# Is a brow band necessary?



## Emma2003 (Jan 9, 2014)

I've seen western bridles that have brow bands, no brow bands, a loop over one ear, and a loop over each ear. I was looking at mine the other day and it seemed like I could take the brow band off and it wouldn't affect the safety or effectiveness of the bridle at all. Is it just for aesthetics or does it have a purpose?


----------



## tinyliny (Oct 31, 2009)

good question. the thing that some Western bridles get rid of , that I never would, is the throat latch. when they use the one ear, they often get rid of the throat latch. that piece is there to keep the horse from being able to rub the bridle off too easily. or , in the case of mounted warfare, for someone to rip the bridle off your horse.


----------



## faye (Oct 13, 2010)

The browband keeps the bridle from slipping backwards and yanking the horses back teeth out it also holds all the various straps together so headpiece, noseband, slip head (on a double bridle) and throatlash (on some bridle designs the throatlash is separate)
The ear loops also stop the bridle slipping backwards on western bridles and you don't have all the various other straps in western so no need for the browband there!
_Posted via Mobile Device_


----------



## bsms (Dec 31, 2010)

An ear loop helps stabilize the headstall. It is OK to use a headstall without a throatlatch with a curb bit, because the curb bit tightens the headstall at the poll - not a lot, but a little - when pulled. When you pull on a snaffle, it loosens the headstall at the poll, and the headstall can come off the horse if there is no throatlatch. Been there, did that once, don't plan on a repeat.

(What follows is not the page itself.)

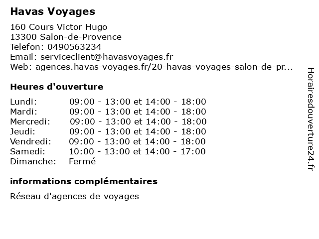 1 Havas Voyages (Distance: 10,44 km) 15 Place Jean Jaures, 13140 Miramas agence, havas, services, voyages 2 Jetset Voyages / Telleschi Voyages (Distance: 0,24 km) 91 Cours Carnot, 13300 Salon De Provence agence, billet d'avion et hôtel pour votre club, jetset, séjour, telleschi, voyages 3 Selectour - Telleschi Voyages (Distance: 0,24 km) 91 Cours Carnot, 13300 Salon-de-Provence billets de train, selectour, séjours, telleschi, vols, voyage, voyages 4 E.Leclerc Voyages (Distance: 4,66 km) . Route De Pelissanne, 13300 Salon-de-Provence e.leclerc, séjours, séjours vacances, voyages 5 Selectour - Eyguières Voyages (Distance: 7,22 km) 10 Za Les Paluds, 13430 Eyguieres billets de train, eyguières, selectour, séjours, vols, voyage, voyages 6 |

But even when using a curb bit, I wouldn't try it without anything there to stabilize the headstall. It really is not fun to have the headstall come off an excited horse while riding...


----------



## Emma2003 (Jan 9, 2014)

Thanks for the info everyone. It makes a lot more sense to me now.


----------



## shandasue (Nov 22, 2011)

Iv used a bridle without a brow band or throat latch for years and never had one problem out of it. It's a nylon bridle and stays right where it should.
just my experience
_Posted via Mobile Device_


----------



## MN Tigerstripes (Feb 20, 2009)

My gelding had a one-eared headstall for several years. Until he learned one day that he could shake his head vigorously and it would come off... 

I bought a new headstall.


----------



## DuckDodgers (May 28, 2013)

I'll ride without a browband, but I won't ride in a bridle without a throatlatch. I've ridden in both English and western bridles without a browband, and never had any problems with things staying in place. A well-fitted bit and bridle shouldn't slide back too much without a browband, but I guess I could see it being a concern in some situations. However, I would never want to be without a throatlatch and in a situation where the horse could remove his bridle by simply rubbing his head. 

That said, I'm also not fond of the no browband/throatlatch or one eared look. Just doesn't do it for me!


----------